Aim of the task: Print every entry word for word, but omit the pictures.

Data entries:
-=-=-

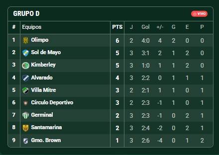 Al final fue derrota para Guillermo Brown, que permanece en el último puesto, con solo una unidad en tres presentaciones; por su parte, Olimpo logró su segunda victoria, en igual cantidad de partidos, y se ubica en la cima, con 6 puntos, uno más que Sol de Mayo y Kimberley.
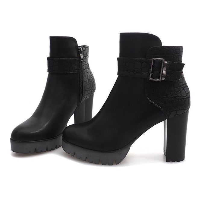 The 8 cm heel height on the block guarantees stability and freedom of movement. The round toe and lack of patterns give them an elegant and timeless character that is easy to match with various styles. The zip fastening makes them easy to put on and take off, making them practical for everyday use.
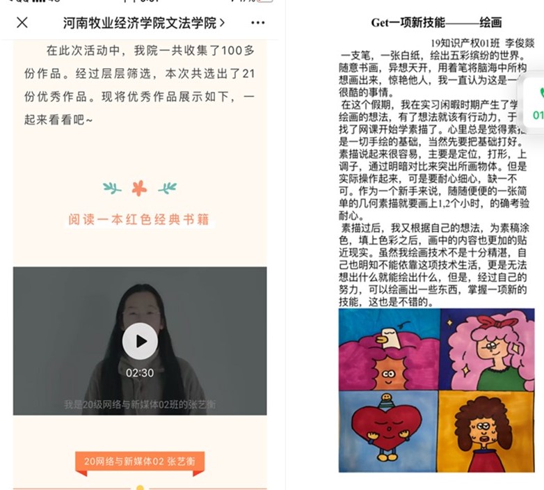 文法学院广泛宣传、积极发动学生阅读一本红色经典书籍、观看一部红色影片(电视剧,政论片)、讲述一个感人的抗疫故事、Get一项新技能,让青年学生在活动中受到教育、锻炼能力、增长才干。目前文法学院学生已提交100余份活动作品,并在学院微信公众平台进行展播,持续发挥育人功效。
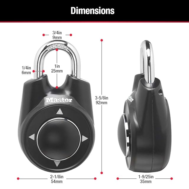 2-1/8インチ。 (54mm)ワイドロックボディ、1/4インチ。 直径6mmのシャックル、1インチ。 長さ25mm、3/4インチ。 幅(19mm)。
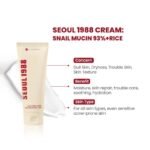 La K-Secret Seoul 1988 Cream Snail Mucin 93% + Rice est une crème hydratante conçue pour nourrir la peau, améliorer son élasticité et renforcer la barrière cutanée. Sa formule riche en mucine d’escargot aide à réparer la peau, maintenir l’hydratation et améliorer la texture du teint.
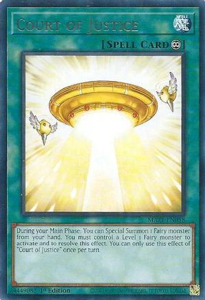 Once per turn: You can Special Summon 1 Fairy-Type monster from your hand. You must control a face-up Level 1 Fairy-Type monster to activate and to resolve this effect. You can only activate the effect of one "Court of Justice" per turn.
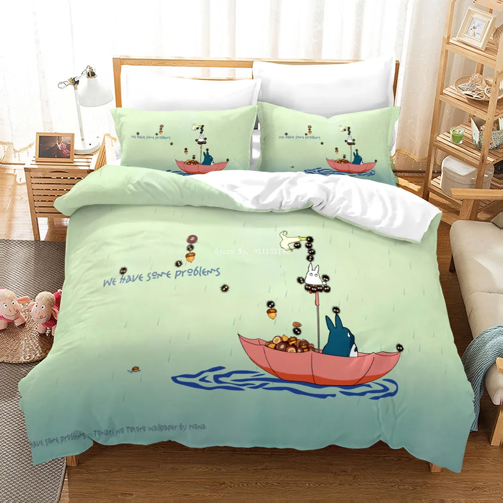Комплект постельного белья Totoro с принтом, симпатичный комплект из 23 предметов, с наволочкой, в японском стиле аниме, для детской спальни, домашний текстиль
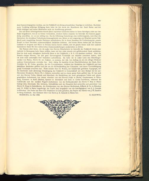 Die Namen aller derer, die ich außer den Herren Mitarbeitern im Intere[(e der Feßfchrift direkt oderindirekt in Bewegung habe feßen müffen, kann ich hier nicht einzeln mit gebührendem Dank aufzählen.Sind fie doch auch, wenigßens theilweife fchon in der Feßfchrift, z. B. S. 113 dankbar erwähnt. Aber dieNamen einiger Herren, die (ich ganz hervorragende Verdiente um diefelbe erworben haben, darfich doch nicht unterlaffen hier befonders aufzuführen. Da habe ich in erßer Linie den Oberbürger-meißer von Mainz, Herrn Dr. iur. Gaßner, zu nennen, der (Ich von Anfang an als ein eifriger Fördererunferes Unternehmens erwiefen hat. Sehr thätig für dasfelbe iß der Oberbibliothekar der Stadt, HerrProfeffor Dr. W. Velke, gewefen, der die Correfpondenz zwifchen der Redaktion der Feßfchrift und denßädtifchen Behörden geführt und (ich um die Herbeifchaffung der Urkunden und deren Vervielfältigunggroße Verdiente erworben hat. Nicht minder Herr H. Wallau, der künßlerifch gebildete Typograph, derdie theilweife recht fchwierige Drucklegung der Feßfchrift in Gemeinfchaft mit dem Beßßer der ße aus-führenden Druckerei, Herrn Ph. v. Zabern, entworfen und zu einem guten Ende geführt hat. Er hat auchmit den Herren Velke, Schenk und Schorbach die Herßellung der wohl gelungenen Tafeln und photo-graphifchen Aufnahmen, von denen einzelne von den Herren Frifch in Berlin, Gundermann in Würz-burg, Kraemer in Kehl (Baden), Spamer in Darmßadt und Zink in Gotha herrühren, während dieLichtdrucke und die meißen Negativ-Aufnahmen von der Hofkunßanßalt des Herrn P. Meß in Mainz beforgt ßnd, überwacht. Die Initialen, Schlußßücke und der Hauptitel ßnd entworfen und gezeichnet vonHerrn O. Hupp in Schleißheim, die Zinkäßungen von den Herren Meifenbach, Riffarth & Co. in München und CI. Kiffel in Mainz angefertigt, die Typen ßnd hergeßellt von der Schriftgießerei von E. J. Genzfchin München. Die Farbe hat Herr Chr. Hoßmann in Celle geliefert, das Papier die Fabrik von J. W. Zandersin Berg.-Gladbach. Der Einband rührt von Herrn J. B. Schmidt in Mainz her.

-=-=-

Your solution:
 Al final fue derrota para Guillermo Brown, que permanece en el último puesto, con solo una unidad en tres presentaciones; por su parte, Olimpo logró su segunda victoria, en igual cantidad de partidos, y se ubica en la cima, con 6 puntos, uno más que Sol de Mayo y Kimberley.
 The 8 cm heel height on the block guarantees stability and freedom of movement. The round toe and lack of patterns give them an elegant and timeless character that is easy to match with various styles. The zip fastening makes them easy to put on and take off, making them practical for everyday use.
 文法学院广泛宣传、积极发动学生阅读一本红色经典书籍、观看一部红色影片(电视剧,政论片)、讲述一个感人的抗疫故事、Get一项新技能,让青年学生在活动中受到教育、锻炼能力、增长才干。目前文法学院学生已提交100余份活动作品,并在学院微信公众平台进行展播,持续发挥育人功效。
 2-1/8インチ。 (54mm)ワイドロックボディ、1/4インチ。 直径6mmのシャックル、1インチ。 長さ25mm、3/4インチ。 幅(19mm)。
 La K-Secret Seoul 1988 Cream Snail Mucin 93% + Rice est une crème hydratante conçue pour nourrir la peau, améliorer son élasticité et renforcer la barrière cutanée. Sa formule riche en mucine d’escargot aide à réparer la peau, maintenir l’hydratation et améliorer la texture du teint.
 Once per turn: You can Special Summon 1 Fairy-Type monster from your hand. You must control a face-up Level 1 Fairy-Type monster to activate and to resolve this effect. You can only activate the effect of one "Court of Justice" per turn.
Комплект постельного белья Totoro с принтом, симпатичный комплект из 23 предметов, с наволочкой, в японском стиле аниме, для детской спальни, домашний текстиль
 Die Namen aller derer, die ich außer den Herren Mitarbeitern im Intere[(e der Feßfchrift direkt oderindirekt in Bewegung habe feßen müffen, kann ich hier nicht einzeln mit gebührendem Dank aufzählen.Sind fie doch auch, wenigßens theilweife fchon in der Feßfchrift, z. B. S. 113 dankbar erwähnt. Aber dieNamen einiger Herren, die (ich ganz hervorragende Verdiente um diefelbe erworben haben, darfich doch nicht unterlaffen hier befonders aufzuführen. Da habe ich in erßer Linie den Oberbürger-meißer von Mainz, Herrn Dr. iur. Gaßner, zu nennen, der (Ich von Anfang an als ein eifriger Fördererunferes Unternehmens erwiefen hat. Sehr thätig für dasfelbe iß der Oberbibliothekar der Stadt, HerrProfeffor Dr. W. Velke, gewefen, der die Correfpondenz zwifchen der Redaktion der Feßfchrift und denßädtifchen Behörden geführt und (ich um die Herbeifchaffung der Urkunden und deren Vervielfältigunggroße Verdiente erworben hat. Nicht minder Herr H. Wallau, der künßlerifch gebildete Typograph, derdie theilweife recht fchwierige Drucklegung der Feßfchrift in Gemeinfchaft mit dem Beßßer der ße aus-führenden Druckerei, Herrn Ph. v. Zabern, entworfen und zu einem guten Ende geführt hat. Er hat auchmit den Herren Velke, Schenk und Schorbach die Herßellung der wohl gelungenen Tafeln und photo-graphifchen Aufnahmen, von denen einzelne von den Herren Frifch in Berlin, Gundermann in Würz-burg, Kraemer in Kehl (Baden), Spamer in Darmßadt und Zink in Gotha herrühren, während dieLichtdrucke und die meißen Negativ-Aufnahmen von der Hofkunßanßalt des Herrn P. Meß in Mainz beforgt ßnd, überwacht. Die Initialen, Schlußßücke und der Hauptitel ßnd entworfen und gezeichnet vonHerrn O. Hupp in Schleißheim, die Zinkäßungen von den Herren Meifenbach, Riffarth & Co. in München und CI. Kiffel in Mainz angefertigt, die Typen ßnd hergeßellt von der Schriftgießerei von E. J. Genzfchin München. Die Farbe hat Herr Chr. Hoßmann in Celle geliefert, das Papier die Fabrik von J. W. Zandersin Berg.-Gladbach. Der Einband rührt von Herrn J. B. Schmidt in Mainz her.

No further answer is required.